## Source records
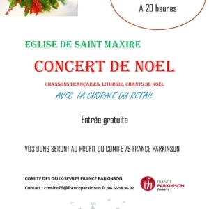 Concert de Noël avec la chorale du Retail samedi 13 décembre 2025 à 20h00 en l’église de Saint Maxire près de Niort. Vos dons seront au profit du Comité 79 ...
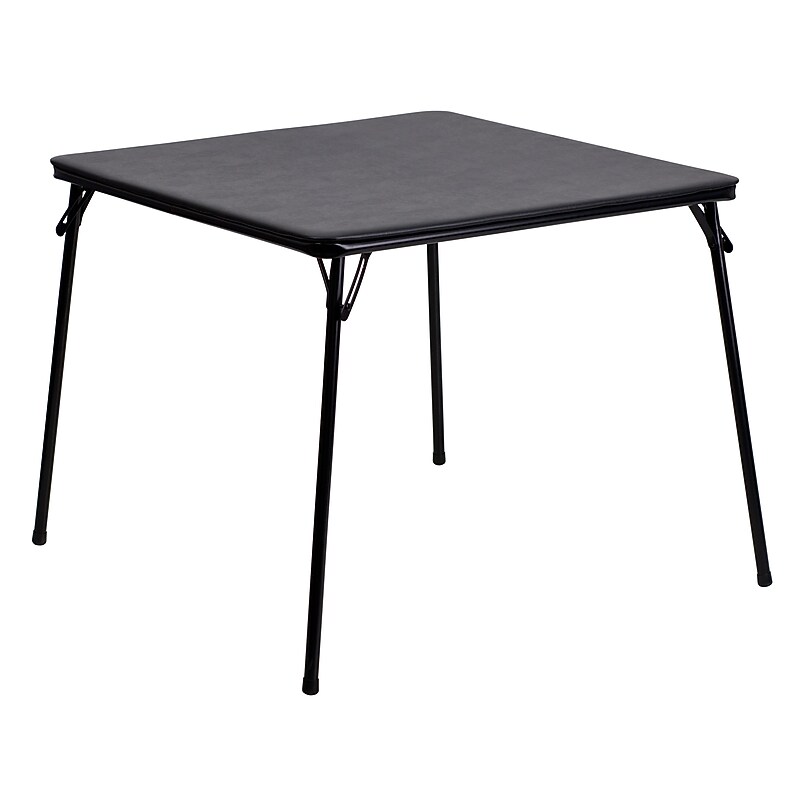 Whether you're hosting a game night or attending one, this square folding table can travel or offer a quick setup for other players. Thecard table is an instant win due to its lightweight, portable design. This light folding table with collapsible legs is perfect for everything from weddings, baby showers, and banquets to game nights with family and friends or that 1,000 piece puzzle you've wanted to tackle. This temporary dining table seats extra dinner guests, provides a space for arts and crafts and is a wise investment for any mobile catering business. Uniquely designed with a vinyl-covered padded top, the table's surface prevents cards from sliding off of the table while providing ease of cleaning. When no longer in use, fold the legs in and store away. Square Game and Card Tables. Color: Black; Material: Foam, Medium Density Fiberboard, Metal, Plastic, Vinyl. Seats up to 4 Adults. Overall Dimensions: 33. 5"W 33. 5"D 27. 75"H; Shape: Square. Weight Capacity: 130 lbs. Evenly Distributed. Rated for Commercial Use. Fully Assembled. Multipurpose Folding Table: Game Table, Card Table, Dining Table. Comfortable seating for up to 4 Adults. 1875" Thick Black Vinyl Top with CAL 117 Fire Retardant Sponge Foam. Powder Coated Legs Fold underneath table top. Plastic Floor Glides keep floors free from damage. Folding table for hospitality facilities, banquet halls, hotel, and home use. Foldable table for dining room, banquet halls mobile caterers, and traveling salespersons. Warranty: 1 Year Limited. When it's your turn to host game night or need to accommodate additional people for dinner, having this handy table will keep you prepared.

==

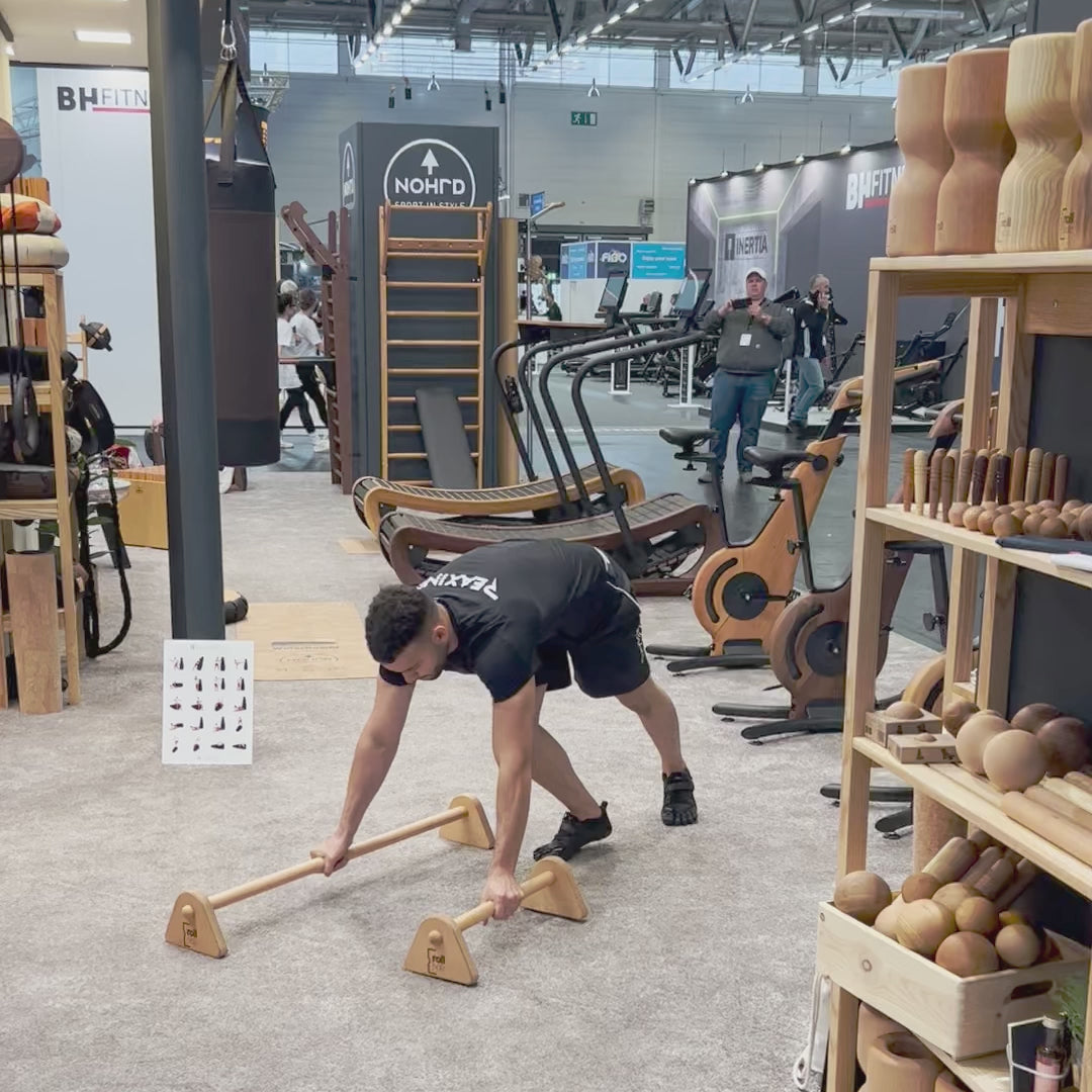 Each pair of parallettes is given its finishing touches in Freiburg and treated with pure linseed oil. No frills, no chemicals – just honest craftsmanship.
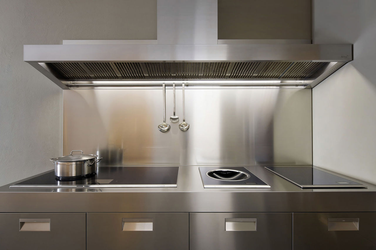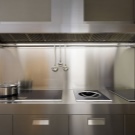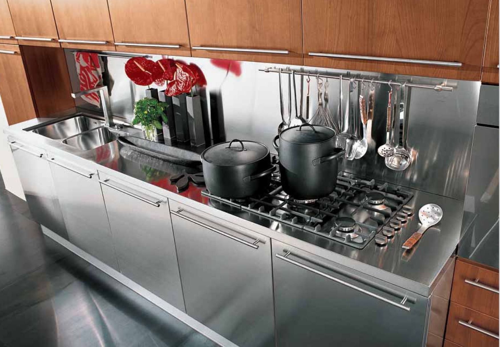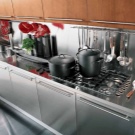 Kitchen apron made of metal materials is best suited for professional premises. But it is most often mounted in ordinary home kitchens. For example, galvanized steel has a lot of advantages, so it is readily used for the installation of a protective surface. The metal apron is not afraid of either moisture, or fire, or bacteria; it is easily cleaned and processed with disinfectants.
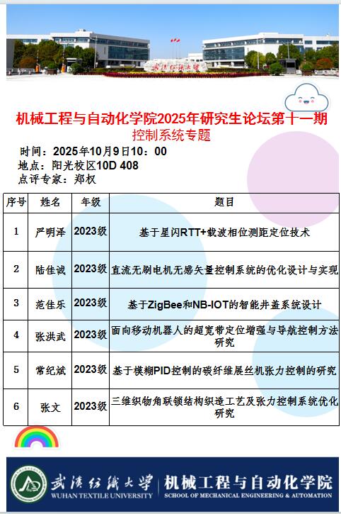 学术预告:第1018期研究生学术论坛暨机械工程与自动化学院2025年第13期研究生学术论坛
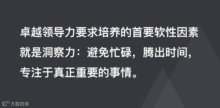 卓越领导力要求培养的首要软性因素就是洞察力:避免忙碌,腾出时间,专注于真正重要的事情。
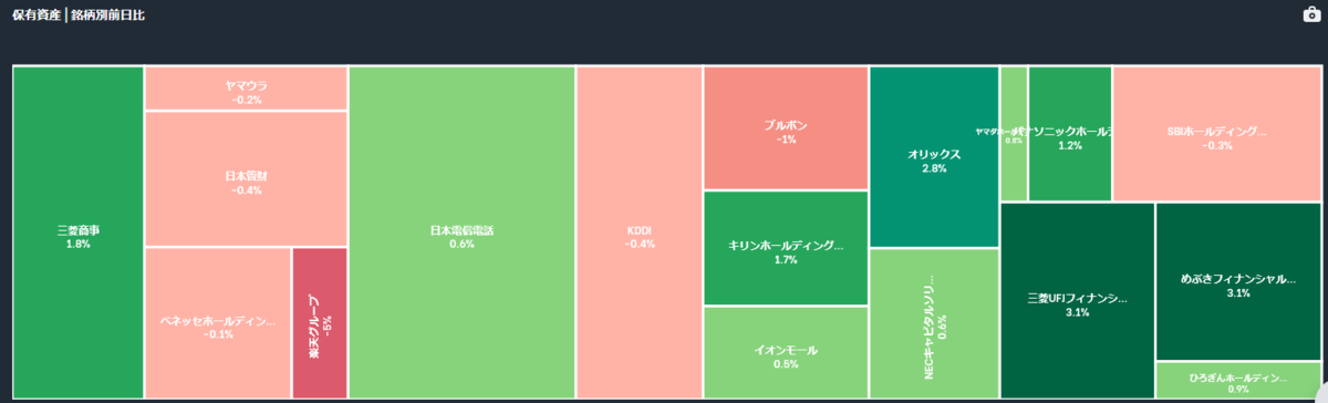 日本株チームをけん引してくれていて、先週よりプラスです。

## Task goal
The material above holds pictures; leave them out. Repeat exactly the lines from the one containing "学术预告:第1018期研究生" through the one containing "日本株チームをけん引してくれていて、先週よりプラスです。", and nothing else.

## Solved problem
 学术预告:第1018期研究生学术论坛暨机械工程与自动化学院2025年第13期研究生学术论坛
 卓越领导力要求培养的首要软性因素就是洞察力:避免忙碌,腾出时间,专注于真正重要的事情。
 日本株チームをけん引してくれていて、先週よりプラスです。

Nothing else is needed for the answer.